(Provided records)

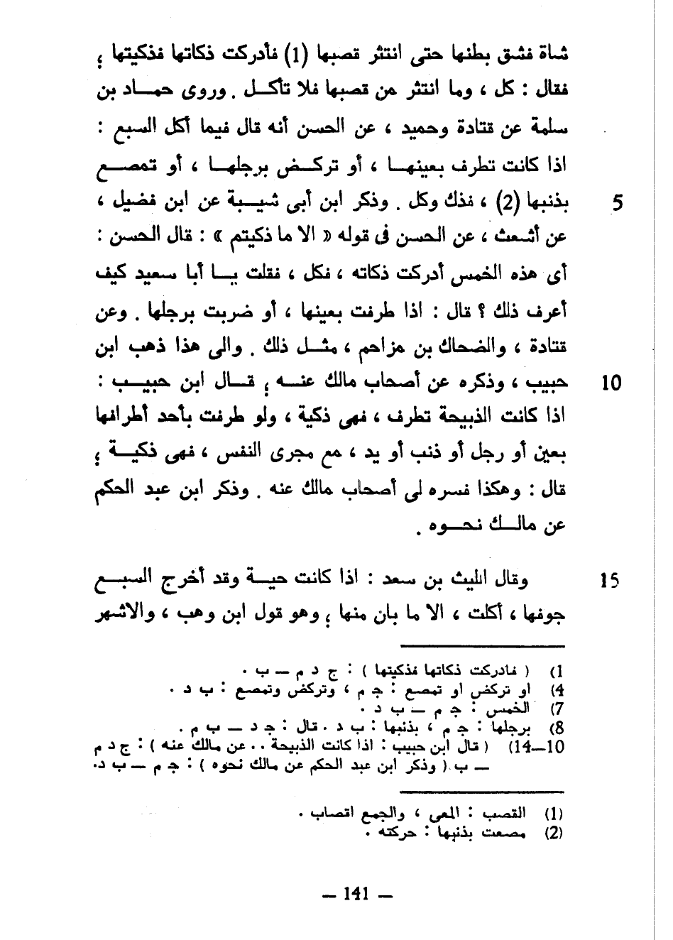 شَاةٍ فَشَقَّ بَطْنَهَا حَتَّى انْتَثَرَ قَصَبُهَا فَأَدْرَكْتُ ذَكَاتَهَا فَذَكَّيْتُهَا فَقَالَ كُلْ وَمَا انْتَثَرَ مِنْ قَصَبِهَا فَلَا تَأْكُلْ وَرَوَى حَمَّادُ بْنُ سَلَمَةَ عَنْ قَتَادَةَ وَحُمَيْدٍ عَنِ الْحَسَنِ أَنَّهُ قَالَ فِيمَا أَكَلَ السَّبُعُ إِذَا كَانَتْ تَطْرِفُ بِعَيْنِهَا أَوْ تَرْكُضُ بِرِجْلِهَا أَوْ تَمْصَعُ بِذَنَبِهَا فَذَكِّ وَكُلْ وَذَكَرَ ابْنُ أَبِي شَيْبَةَ عَنِ ابْنِ فُضَيْلٍ عَنْ أَشْعَثَ عَنِ الْحَسَنِ فِي قَوْلِهِ إِلَّا مَا ذَكَّيْتُمْ قَالَ الْحَسَنُ أَيُّ هَذِهِ الْخَمْسِ أَدْرَكْتَ ذَكَاتَهُ فَكُلْ فَقُلْتُ يَا أَبَا سَعِيدٍ كَيْفَ أَعْرِفُ ذَلِكَ قَالَ إِذَا طَرَفَتْ بِعَيْنِهَا أَوْ ضَرَبَتْ بِرِجْلِهَا وَعَنْ قَتَادَةَ وَالضَّحَّاكِ بْنِ مُزَاحِمٍ مِثْلَ ذَلِكَ وَإِلَى هَذَا ذَهَبَ ابْنُ حَبِيبٍ وَذَكَرَهُ عَنْ أَصْحَابِ مَالِكٍ عَنْهُ قَالَ ابْنُ حَبِيبٍ إِذَا كَانَتِ الذَّبِيحَةُ تَطْرِفُ فَهِيَ ذَكِيَّةٌ وَلَوْ طَرَفَتْ بِأَحَدِ أَطْرَافِهَا بِعَيْنٍ أو رجل أو ذئب أَوْ يَدٍ مَعَ مَجْرَى النَّفَسِ فَهِيَ ذَكِيَّةٌ قَالَ وَهَكَذَا فَسَّرَهُ لِي أَصْحَابُ مَالِكٍ عَنْهُ وَذَكَرَ ابْنُ عَبْدِ الْحَكَمِ عَنْ مَالِكٍ نَحْوَهُ وَقَالَ اللَّيْثُ بْنُ سَعْدٍ إِذَا كَانَتْ حَيَّةً وقد أخرج السبع جوفها أكلت إلا ما بان منها وهو قوله ابْنِ وَهْبٍ وَالْأَشْهَرُ
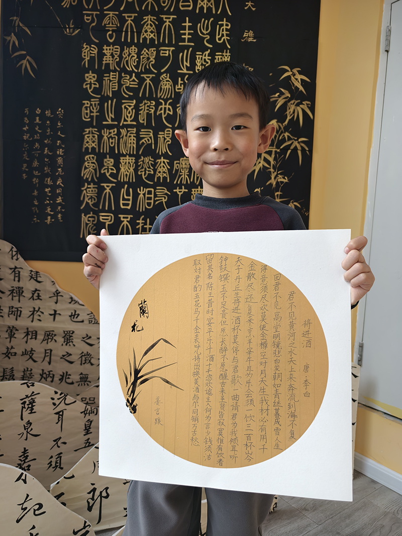 姜言蹊:7歲 畫齡:1年半 作品名稱:《將進酒》 指導老師:嶗山大拇指教學基地——吳倩如
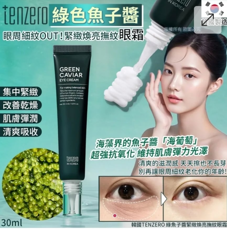 這條一定要認識 👉 韓國 TENZERO 綠魚子醬緊緻煥亮撫紋眼霜 💚
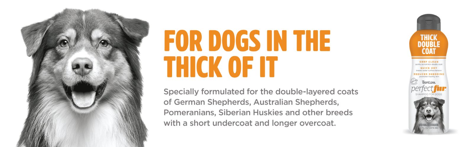 With TropiClean PerfectFur™ Thick Double Coat Dog Shampoo, you can say goodbye to the days of backbreaking bath time. Specially formulated for pals with super thick coats, this shampoo slips between layers of tightly packed fur, loosening dirt and debris. It also exfoliates your dog’s skin and strengthens their hair follicles to reduce unnecessary shedding. For a deeper clean and a great-smelling, handsome hound, this TropiClean formula is your best bet!
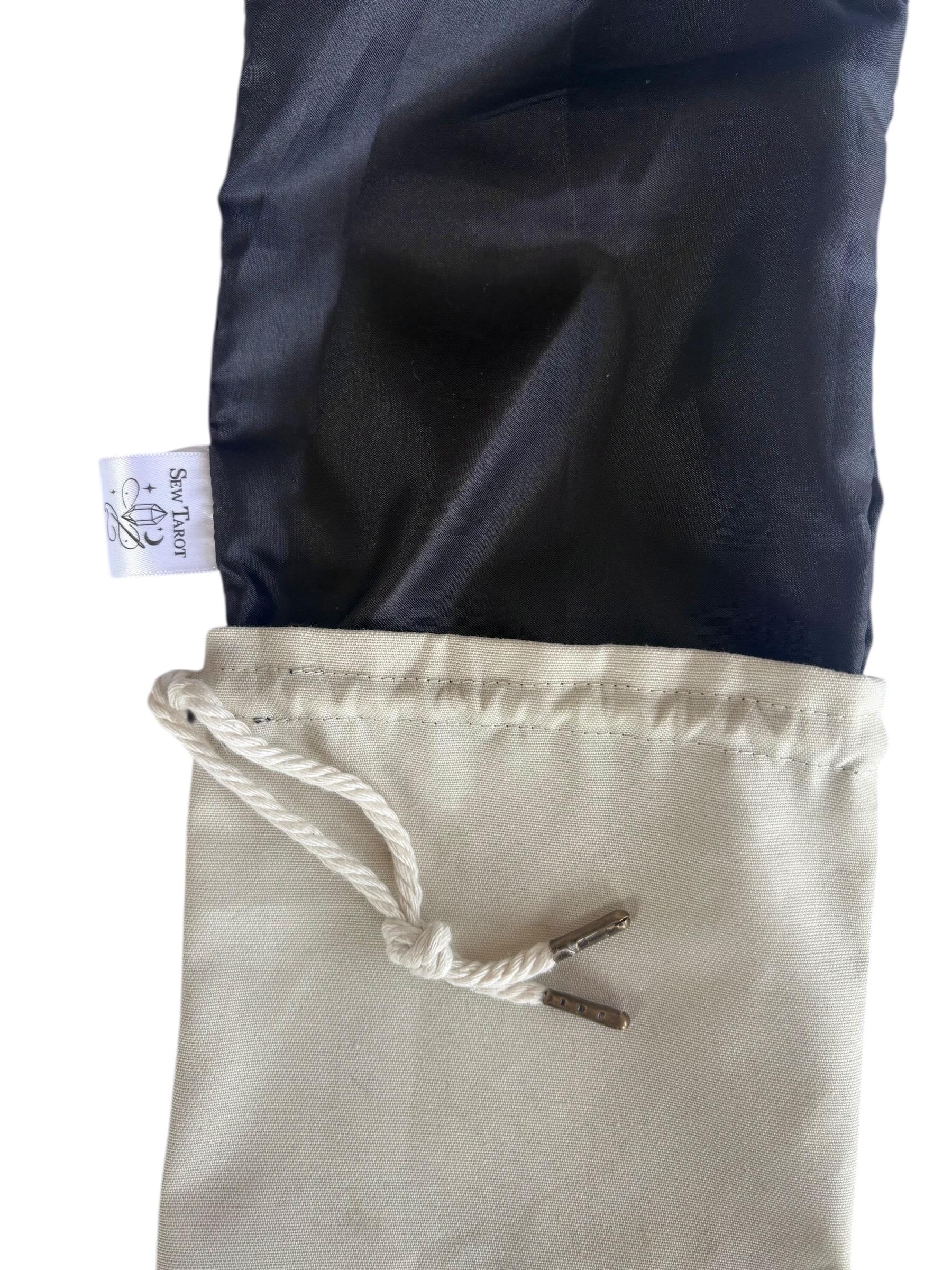 Made with a smooth, durable poly-cotton exterior and a black sateen interior, the pouch allows rune stones, charms, or bones to glide freely without catching. The soft, flexible structure protects items during storage and travel while feeling natural and balanced in the hand. Each pouch is hand sewn one at a time in my home studio and made to be used as part of an ongoing practice.

(End Provided records)

- **Brief**:
Hand back the exact lines from the start of the entries to the line with "這條一定要認識 👉 韓國 TENZERO 綠魚子醬緊緻煥亮撫紋眼霜 💚", both ends kept and pictures left out.

- **Result of this task**:
 شَاةٍ فَشَقَّ بَطْنَهَا حَتَّى انْتَثَرَ قَصَبُهَا فَأَدْرَكْتُ ذَكَاتَهَا فَذَكَّيْتُهَا فَقَالَ كُلْ وَمَا انْتَثَرَ مِنْ قَصَبِهَا فَلَا تَأْكُلْ وَرَوَى حَمَّادُ بْنُ سَلَمَةَ عَنْ قَتَادَةَ وَحُمَيْدٍ عَنِ الْحَسَنِ أَنَّهُ قَالَ فِيمَا أَكَلَ السَّبُعُ إِذَا كَانَتْ تَطْرِفُ بِعَيْنِهَا أَوْ تَرْكُضُ بِرِجْلِهَا أَوْ تَمْصَعُ بِذَنَبِهَا فَذَكِّ وَكُلْ وَذَكَرَ ابْنُ أَبِي شَيْبَةَ عَنِ ابْنِ فُضَيْلٍ عَنْ أَشْعَثَ عَنِ الْحَسَنِ فِي قَوْلِهِ إِلَّا مَا ذَكَّيْتُمْ قَالَ الْحَسَنُ أَيُّ هَذِهِ الْخَمْسِ أَدْرَكْتَ ذَكَاتَهُ فَكُلْ فَقُلْتُ يَا أَبَا سَعِيدٍ كَيْفَ أَعْرِفُ ذَلِكَ قَالَ إِذَا طَرَفَتْ بِعَيْنِهَا أَوْ ضَرَبَتْ بِرِجْلِهَا وَعَنْ قَتَادَةَ وَالضَّحَّاكِ بْنِ مُزَاحِمٍ مِثْلَ ذَلِكَ وَإِلَى هَذَا ذَهَبَ ابْنُ حَبِيبٍ وَذَكَرَهُ عَنْ أَصْحَابِ مَالِكٍ عَنْهُ قَالَ ابْنُ حَبِيبٍ إِذَا كَانَتِ الذَّبِيحَةُ تَطْرِفُ فَهِيَ ذَكِيَّةٌ وَلَوْ طَرَفَتْ بِأَحَدِ أَطْرَافِهَا بِعَيْنٍ أو رجل أو ذئب أَوْ يَدٍ مَعَ مَجْرَى النَّفَسِ فَهِيَ ذَكِيَّةٌ قَالَ وَهَكَذَا فَسَّرَهُ لِي أَصْحَابُ مَالِكٍ عَنْهُ وَذَكَرَ ابْنُ عَبْدِ الْحَكَمِ عَنْ مَالِكٍ نَحْوَهُ وَقَالَ اللَّيْثُ بْنُ سَعْدٍ إِذَا كَانَتْ حَيَّةً وقد أخرج السبع جوفها أكلت إلا ما بان منها وهو قوله ابْنِ وَهْبٍ وَالْأَشْهَرُ
 姜言蹊:7歲 畫齡:1年半 作品名稱:《將進酒》 指導老師:嶗山大拇指教學基地——吳倩如
 這條一定要認識 👉 韓國 TENZERO 綠魚子醬緊緻煥亮撫紋眼霜 💚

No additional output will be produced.